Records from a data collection
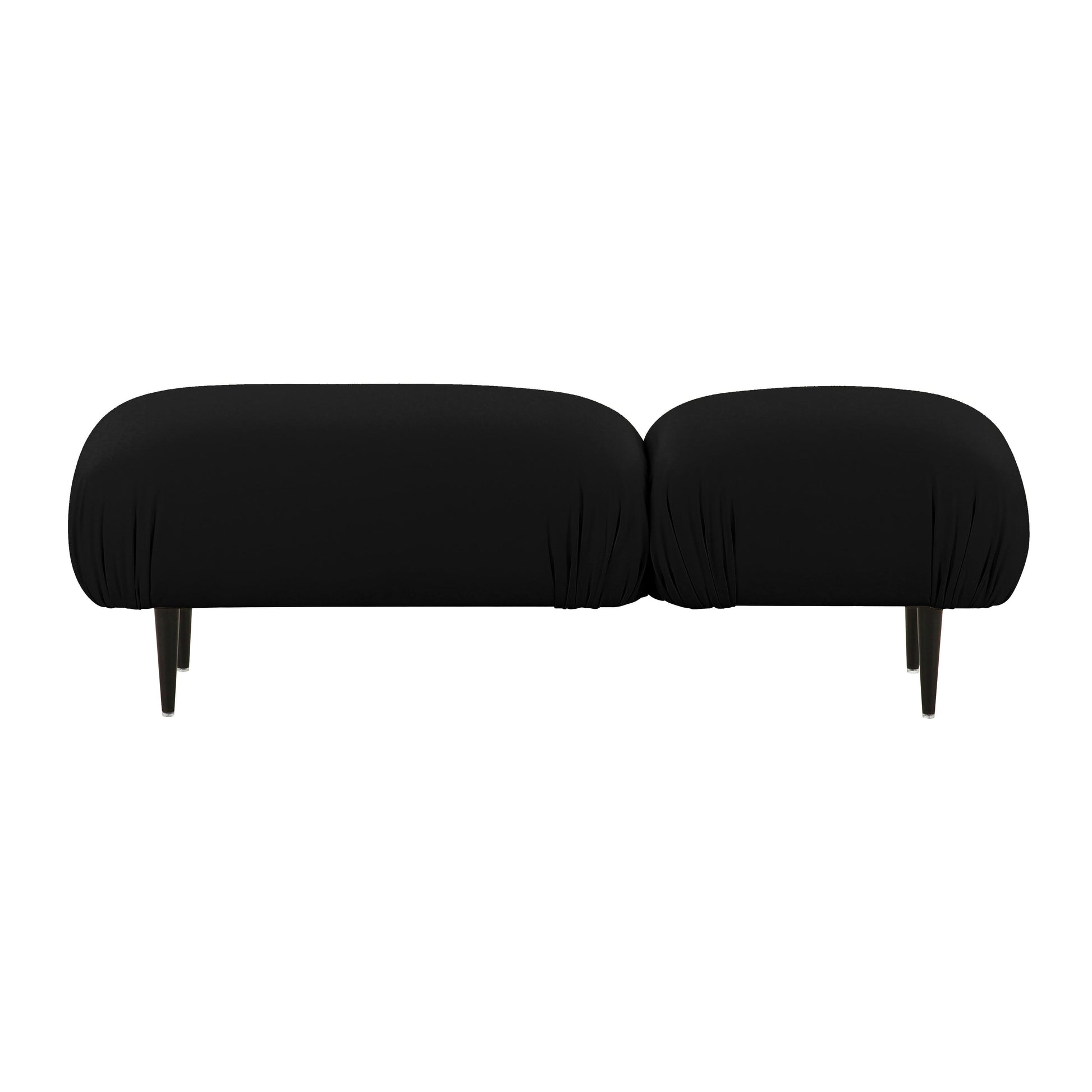 The postmodern overstuffed look is here to stay! The Adalynn bench is a welcome new arrival featuring ultra plush cushions and a delightfully intentional off-centered detail. The black legs offer a sharp juxtaposing element to the fun frame. Available in white or black vegan leather.
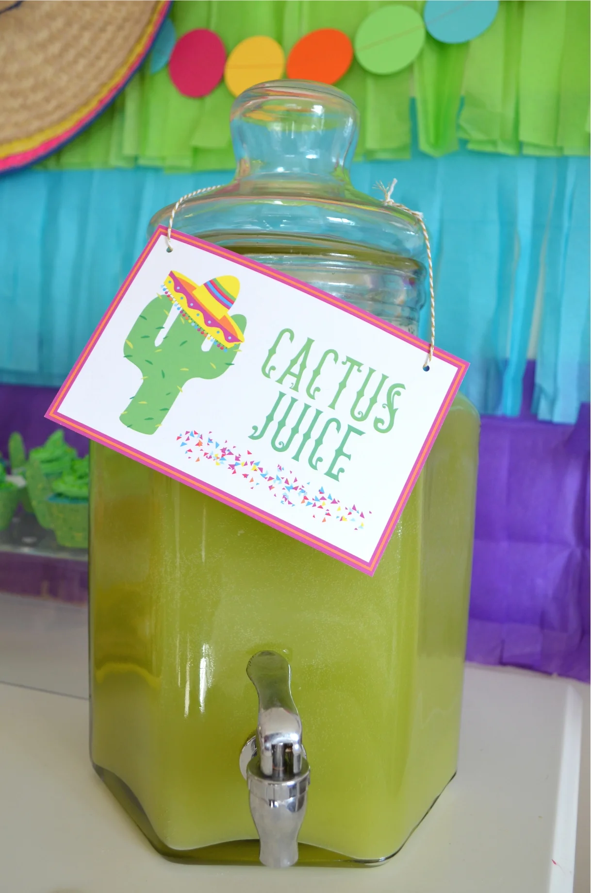 For the cactus punch, we just mixed green koolaid and sprite, but you can always add some lime sherbet for more fun!
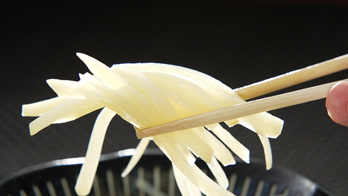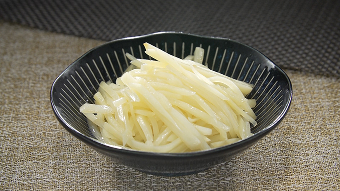 - じゃがいもは皮をむいて細切りにし、30分ごとに水を変えながら2時間以上水にさらす。
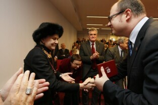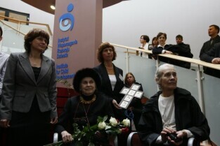 Otwarcie Przedszkola Specjalnego dla Dzieci z Autyzmem przy ul. Malczewskiego 139 w Gdańsku. Fundatorem placówki jest Barbara Piasecka-Johnson. Nz. Prezydent Gdańska Paweł Adamowicz wręcza Medal XX-lecia Samorządności
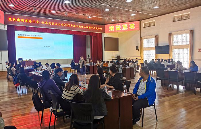 活動(dòng)邀請到云南開(kāi)放大學(xué)心理健康教育課程思政教學(xué)名師張倩老師,采用PPT從“心理常態(tài)與偏態(tài)”“心理問(wèn)題與心理疾病”“心理咨詢(xún)”等方面結合案例分析的方式,圖文并茂、深入淺出的為職工講述了心理健康知識與調試方法。在心理賦能老師的帶動(dòng)下,才加活動(dòng)的職工依次開(kāi)展了“繪制生命線(xiàn)”“繩索游戲——探索人際關(guān)系”“生涯彩虹圖——找到人生的位置”以及“案例分析”等體驗式活動(dòng),職工們逐漸敞開(kāi)心扉、積極分享,在有趣的互動(dòng)游戲中放松身心、充分體驗和交流,現場(chǎng)歡笑聲不斷。
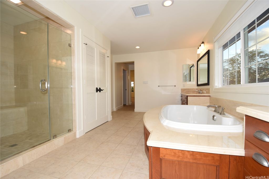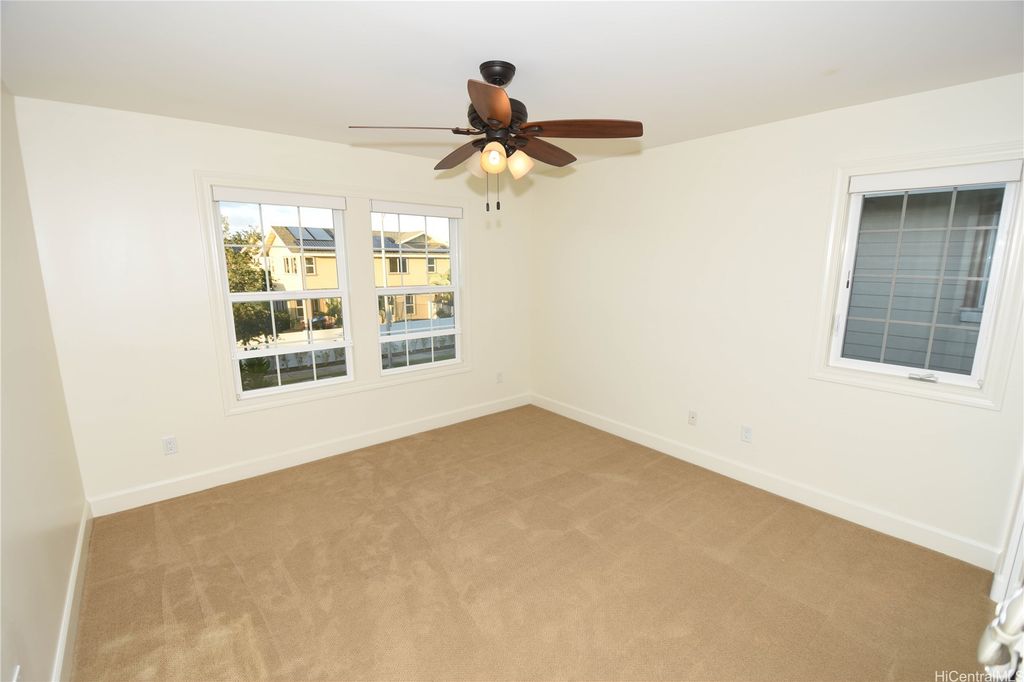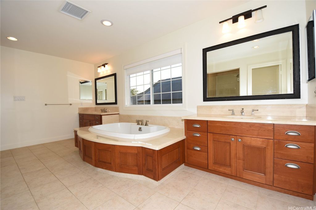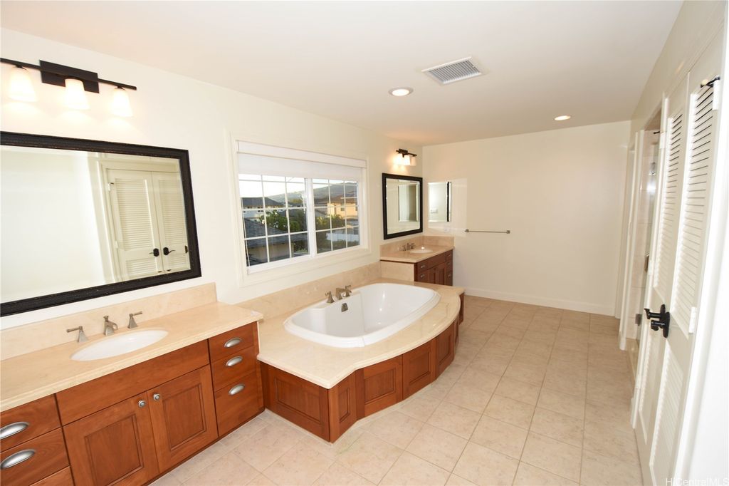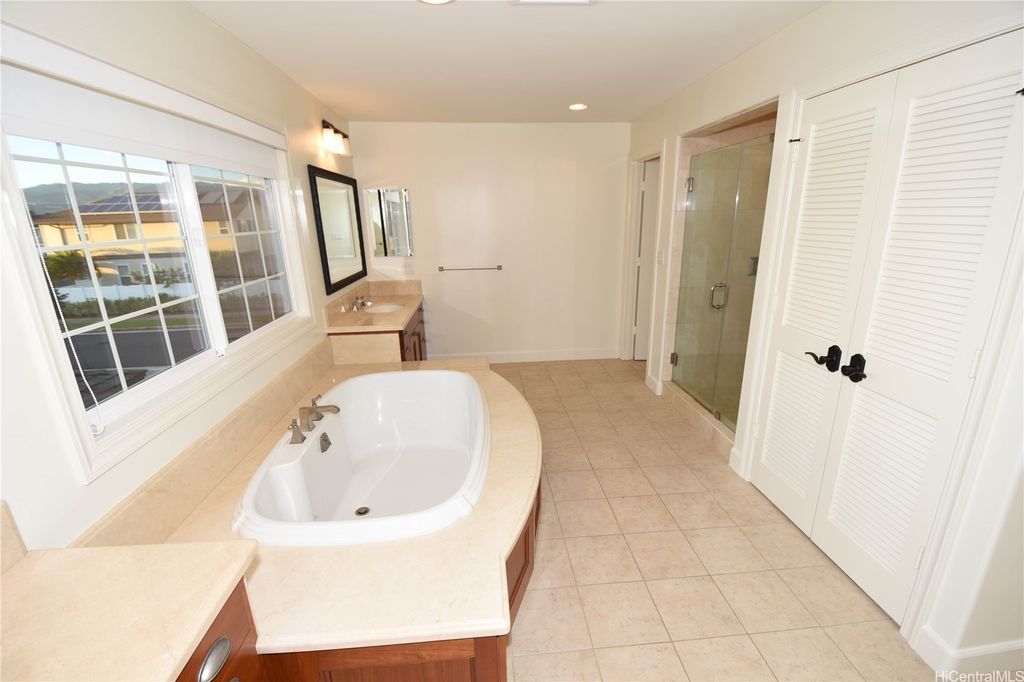 Beautiful 5 bedroom 3.5 bathroom home located on Hole 8 of the private Hoakalei Country Club. The downstairs bedroom is a mother-in-law suite with its own bathroom. There is also an additional 1/2 bath on the first floor. This home features leased Photo Voltaic (PV) Panels that will significantly reduce your electricity bill, a beautiful kitchen with high Subzero, Viking, and Bosch appliances, 18 inch porcelain throughout the first floor, granite countertops, unobstructed views of the 8th hole and pond, landscaped front and backyards, and a 3 car attached garage (tandem) with a 2 car driveway. $50K credit with full price offer.

**Exercise details**
All of the records above are to be copied exactly, minus the pictures.

**Solution**
 The postmodern overstuffed look is here to stay! The Adalynn bench is a welcome new arrival featuring ultra plush cushions and a delightfully intentional off-centered detail. The black legs offer a sharp juxtaposing element to the fun frame. Available in white or black vegan leather.
 For the cactus punch, we just mixed green koolaid and sprite, but you can always add some lime sherbet for more fun!
 - じゃがいもは皮をむいて細切りにし、30分ごとに水を変えながら2時間以上水にさらす。
 Otwarcie Przedszkola Specjalnego dla Dzieci z Autyzmem przy ul. Malczewskiego 139 w Gdańsku. Fundatorem placówki jest Barbara Piasecka-Johnson. Nz. Prezydent Gdańska Paweł Adamowicz wręcza Medal XX-lecia Samorządności
 活動(dòng)邀請到云南開(kāi)放大學(xué)心理健康教育課程思政教學(xué)名師張倩老師,采用PPT從“心理常態(tài)與偏態(tài)”“心理問(wèn)題與心理疾病”“心理咨詢(xún)”等方面結合案例分析的方式,圖文并茂、深入淺出的為職工講述了心理健康知識與調試方法。在心理賦能老師的帶動(dòng)下,才加活動(dòng)的職工依次開(kāi)展了“繪制生命線(xiàn)”“繩索游戲——探索人際關(guān)系”“生涯彩虹圖——找到人生的位置”以及“案例分析”等體驗式活動(dòng),職工們逐漸敞開(kāi)心扉、積極分享,在有趣的互動(dòng)游戲中放松身心、充分體驗和交流,現場(chǎng)歡笑聲不斷。
 Beautiful 5 bedroom 3.5 bathroom home located on Hole 8 of the private Hoakalei Country Club. The downstairs bedroom is a mother-in-law suite with its own bathroom. There is also an additional 1/2 bath on the first floor. This home features leased Photo Voltaic (PV) Panels that will significantly reduce your electricity bill, a beautiful kitchen with high Subzero, Viking, and Bosch appliances, 18 inch porcelain throughout the first floor, granite countertops, unobstructed views of the 8th hole and pond, landscaped front and backyards, and a 3 car attached garage (tandem) with a 2 car driveway. $50K credit with full price offer.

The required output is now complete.